Mild, am Ende sonnig und wenig Schnee

Rückblick auf den Winter 2018/2019 an der Station Silberborn

Deutlich wärmer als im langjährigen Mittel war der meteorologische Winter 2019 im Hochsolling. Dazu gab es bis zum Ende der ersten Februardekade viel Niederschlag, der meist als Regen fiel, und wenig Sonnenschein, bevor die Umstellung auf eine höhenwarme, trockene und sehr sonnige Hochdrucklage dafür sorgte, dass der Winter am Ende über 20% mehr Sonnenschein brachte als im Durchschnitt.
Für Schneeliebhaber war es dagegen weitgehend ein Winter zum Vergessen: Zwar konnte an insgesamt 25 Tagen eine Schneedecke gemessen werden, aber die Abschnitte währten meist nur recht kurz und vor allem fehlte es an der Menge bzw. Höhe – an nur einem Tag wurde die maximale Höhe von 8 cm gemessen, sonst waren es meist höchstens 5-6 cm – zu wenig für gespurte Loipen und Skilanglauf. Dabei war die Großwetterlage sogar relativ günstig für einen schneereichen Winter in einer Mittelgebirgslage, denn häufig strömte feuchte Luft mit Niederschlägen aus Nordwesten oder Norden ein, doch diesmal war das Temperaturniveau oft um 1-2 Grad zu hoch, so dass sich meist erst ab ca. 700 m eine mächtigere und länger haltende Schneedecke ausbilden konnte – für den Solling lag die Grenze zwischen Schmuddel und weißer Pracht oft um 200 m zu hoch. Immerhin reichte es in der letzten Januar- und ersten Februardekade zu einem etwas längeren Abschnitt mit Schnee und Frost. Doch die Zahlen sprechen letztlich für sich, nicht nur beim Schnee: 14 Eistage mit Dauerfrost, 44 Frosttage und eine Kältesumme von 65,2 Kelvin liegen in etwa im bzw. ein Stück unter dem Klimamittel- des gut 300 m tiefer gelegenen Wesertals wohlgemerkt. Für den Hochsolling sind es dagegen deutlich unterdurchschnittliche Werte.
Immerhin konnte die lange trockene Phase des Vorjahrs genau mit Beginn des Winters beendet oder zumindest für gut zwei Monate unterbrochen werden, doch reicht die gefallene Menge (noch) nicht aus, um Entwarnung für die Sollingwälder geben zu können. Immerhin blieben in diesem Winter stärkere Sturmereignisse aus.

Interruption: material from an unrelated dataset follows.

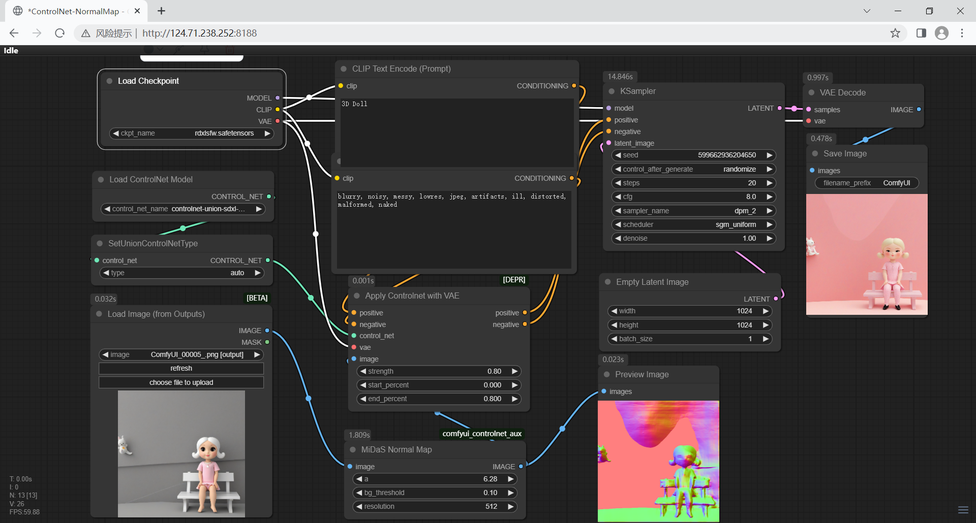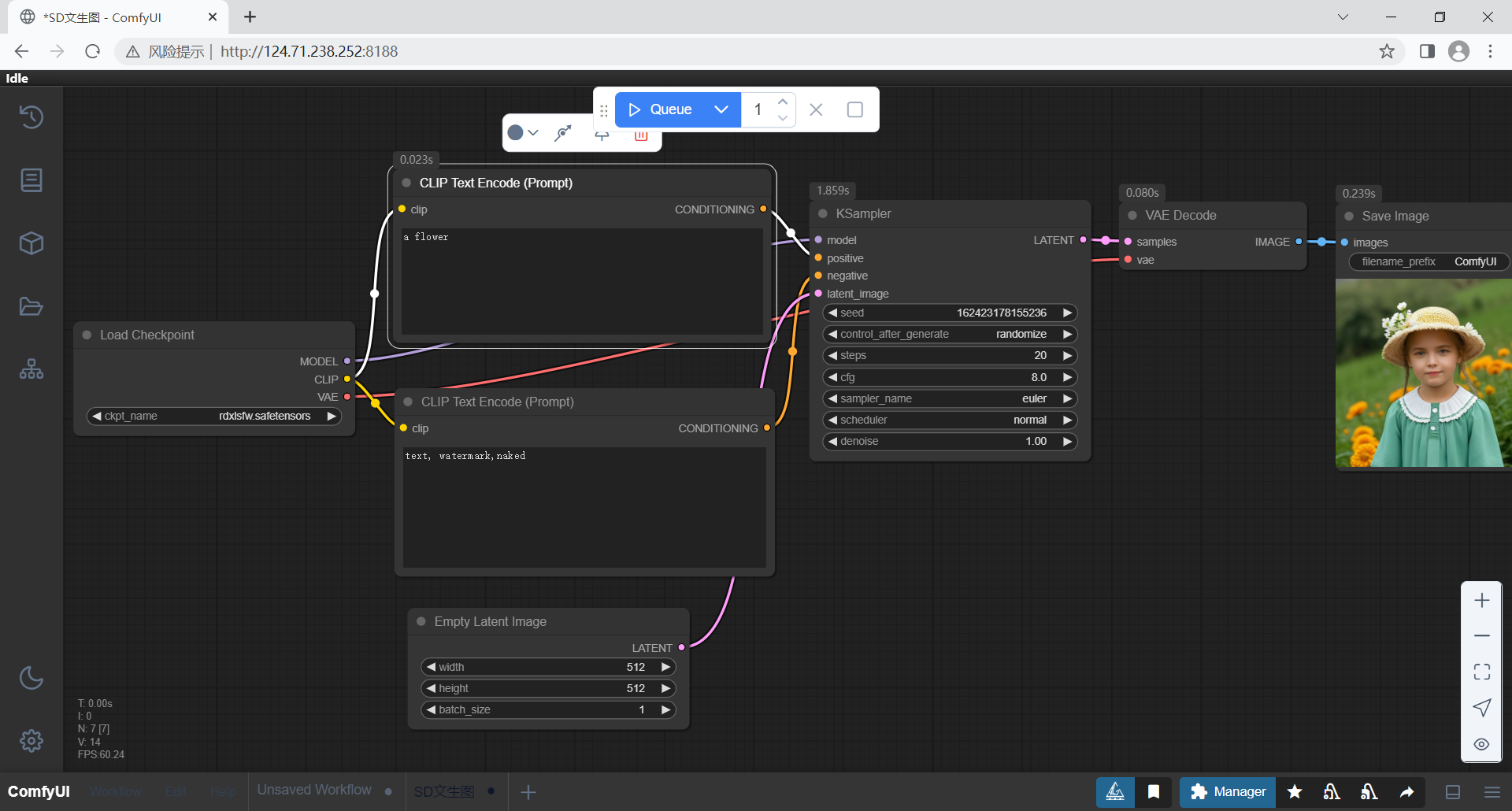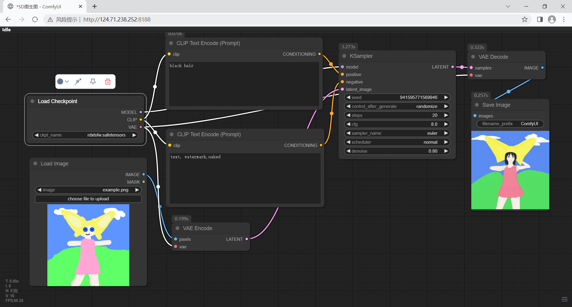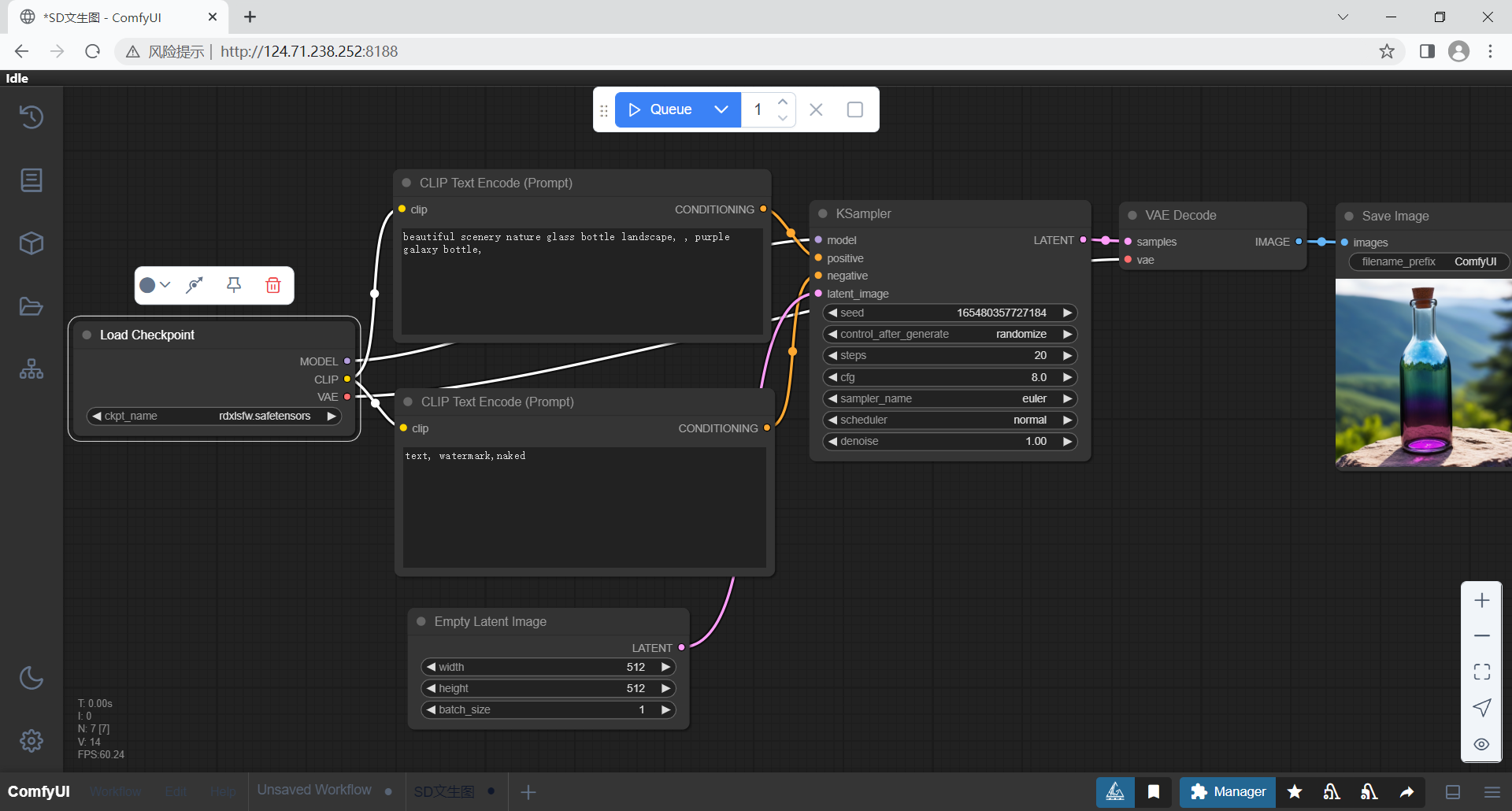 最后,VAE 解码器将潜空间中的低维表示解码为高质量像素图像,完成从抽象特征到可视化结果的转换。这一节点虽处于流程末端,却是输出最终图像不可或缺的一环。

2019_Winter_Übersicht_Silberborn

Drittwärmster Februar seit Messbeginn

Rückblick auf den Februar 2019 im Hochsolling

Deutlich wärmer, trockener und sonniger als im langjährigen Mittel präsentierte sich der Februar 2019 an der Hochsolling-Wetterstation in Silberborn. Der Temperaturüberschuss übertraf jenen im Oberwesertal nochmal deutlich, da die beiden die zweite Monatshälfte dominierenden Hochdruckgebiete Dorit und Frauke mit ihrer Höhenwärme eine stärkere nächtliche Auskühlung verhinderten. Mit einer Mitteltemperatur von 3,8 °C war es im Februar 2019 um satte 4 Grad wärmer als im Durchschnitt der Jahre 1981-2010, das ältere WMO-Referenzmittel von 1961-1990 wurde sogar um 4,6 K übertroffen. Nur in den Jahren 1990 und 1998 war es in der Hochsolling-Messreihe ab 1936 mit 4,0 bzw. 3,9 °C im letzten meteorologischen Wintermonat noch etwas wärmer. Sowohl bei der absoluten Höchsttemperatur (16,2 °C am 27.02.) als auch beim mittleren Tagesmaximum (7,70 °C) gab es neue Rekorde.
Aufgrund der angesprochenen Hochdruckdominanz fiel mit nur 30,7 mm deutlich weniger Niederschlag als im langjährigen Mittel, während die Sonne in der zweiten Monatshälfte kräftig Überstunden leistete und die Gesamtmonatsbilanz auf 111 Stunden hochschraubte.  Schnee lag noch zum Monatsbeginn, allerdings blieb die maximale Höhe auf für die Region bescheidenem Niveau von 6-7 cm. Mit den Regenfällen am zweiten Wochenende verschwand der Schnee aber rasch und neuer kam nicht mehr hinzu, es reichte lediglich noch für etwas Schneeregen. Und derzeit sieht es auch nicht so aus, als würde der März noch etwas an der enttäuschenden Bilanz in Sachen Schnee im Hochsolling ändern können.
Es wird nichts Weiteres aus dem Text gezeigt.